Ibrahim Mehleb’s appointment as prime minister-designate in many ways represents the current local and regional centers of economic power in Egypt — and what is to come.

Mehleb’s resume includes stints on the former ruling National Democratic Party policies committee, state-owned construction companies, the Housing Ministry and various Saudi Arabian construction firms.

At a press conference at the presidential palace Tuesday afternoon, Mehleb, the former housing minister, said he would continue the work of the current government, but played down his ability to make significant progress.

“We need to understand that our resources are limited,” he said in a somewhat avuncular tone. Mehleb falls under the ambiguous category of technocrats, which have dominated most discussions of government. Although most of Egypt’s crises over the past few years have tended to be political in nature, public figures have elevated technocrats, often interpreted as experienced politicians and businessmen. This narrow group of people most often have ties to the NDP.

Mehleb falls under this category. Before serving on the policies committee of the NDP, he gained most of his managerial experience as the head of the state-owned Arab Contractors, the largest construction firm in Egypt. The ring road, Sharm el-Sheikh Airport, and the Supreme Constitutional Court are among its most prominent projects.

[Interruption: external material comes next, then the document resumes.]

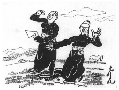 蒙古报纸上的画,“不能读书的人就像看不清路的瞎子”。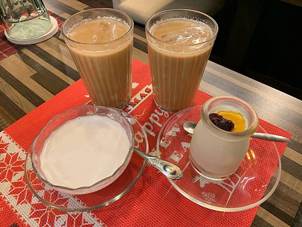 套餐會附飲品跟甜點,甜點是芋頭西米露跟奶酪,吃了可以幫助去去嘴巴的咖哩味。飲品的部份我們點印度奶茶,這個我就比較喝不太習慣了,因為香料味太重了,有一股濃濃的肉桂味我不喜歡....不過我妹倒是很愛就是了(笑)。

He left that position to head the Housing Ministry. Yahia Shawkat, a housing researcher with the Egyptian Initiative for Personal Rights told Mada Masr that his tenure there was rather unremarkable.

“He has made himself look like he has been doing a lot, he has visited sites and projects for the Housing Ministry,” Shawkat said, adding that there was a lack of strategies, whether long or short-term, under his leadership.

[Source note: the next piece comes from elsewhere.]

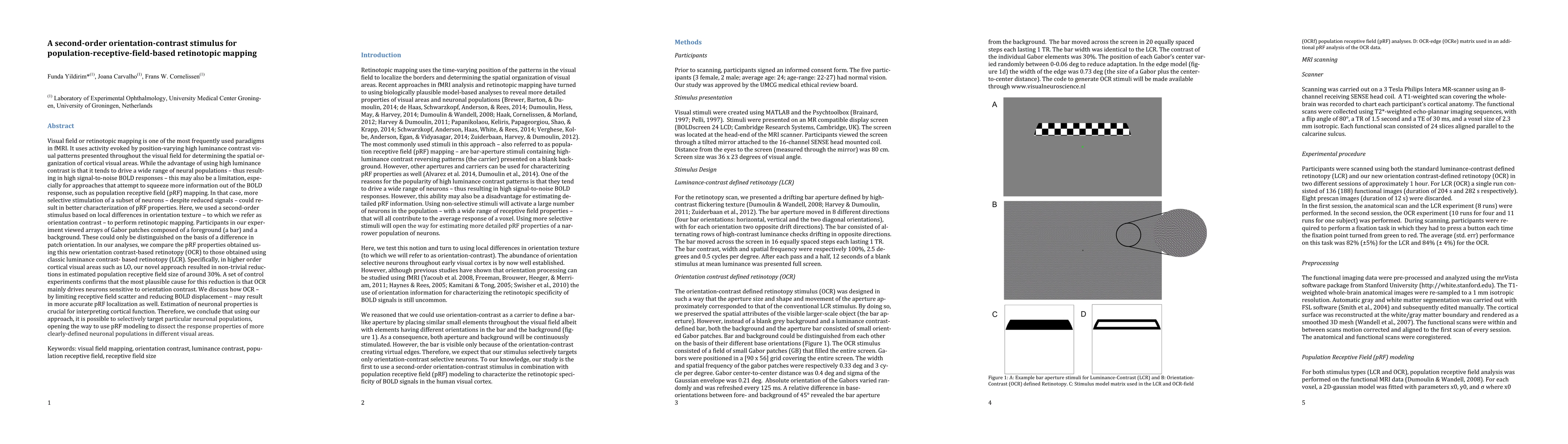 This research introduces a new retinotopic mapping method using second-order orientation-contrast stimuli, which reduces estimated population receptive field size by around 30% in higher visual areas like LO. This approach may enhance pRF localization accuracy and enable the study of more specific neuronal populations.

“He put a lot of effort into boosting the real estate market himself, and the real estate market is on the opposite spectrum of what he should be doing. He continued in the same paradigm of housing commoditization,” he explained.

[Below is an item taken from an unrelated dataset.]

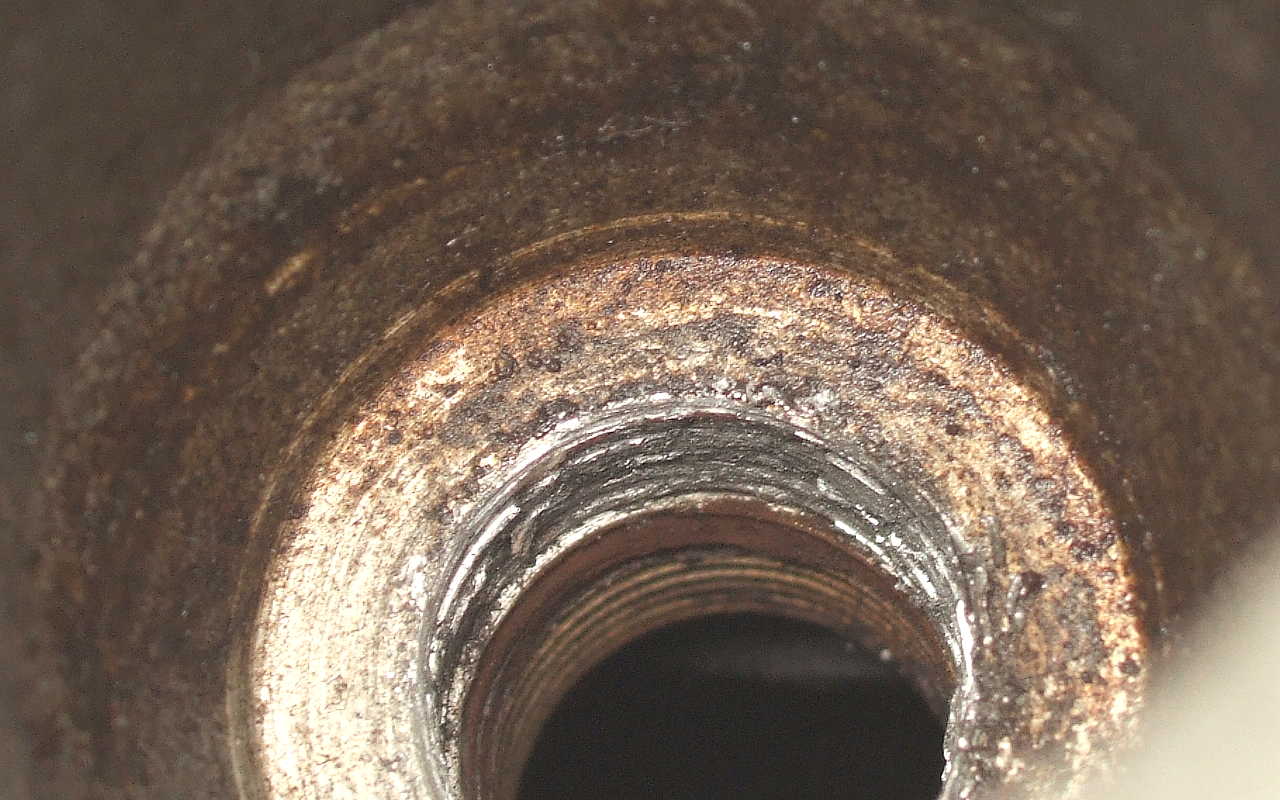 "Abolsut snyggaste lösningen hade ju varit att plana ned det..." Mmm, man kanske skulle knipa käft så inte farbror Murphy hör en. Gjorde rutinkontroll på tändstiften (har aldrig blivit av att jag byt själv - tidpunkt för byte har sammanfallit med mina enda, 2 st, verkstadsbesök). Gängpaj för tändstiftet Länk på femte cylindern. Iskruvad snett redan vid montering? Har den satt sig som satan själv på 2000 mil? I vilket fall som åker definitivt toppen av nu och in för helicoil behandling. |

A former housing minister is a curious choice for a technocrat able to solve Egypt’s economic woes. The answer could lie more in international considerations, considering foreign real estate development and Mehleb’s involvement with land pricing and development.

The Egyptian military is the largest landholder in Egypt, and most recently has signed contracts with Emaar, a Emerati developer. State-owned Al-Ahram has toted a number of plans for the military companies to develop informal areas, likely with Gulf money.

Most public private partnerships involve Gulf companies, a phenomenon set to increase after Gulf aid poured into Egypt after the military ousted former President Mohamed Morsi last summer.

That ouster was brought on by a broad coalition of secular opposition groups, the security services and supporters of the Mubarak regime. That coalition was largely represented in the first iteration of Beblawi’s cabinet, before more reform-minded and liberal figures started to submit their resignations.

Reports said that Mehleb, and the interior and defense ministers were the only members of the Cabinet to know they would all be resigning, rather there simply being limited shuffle as had been discussed for weeks. Other reports note that more progressive supporters of Morsi’s ouster will be replaced under Mehleb’s tutelage.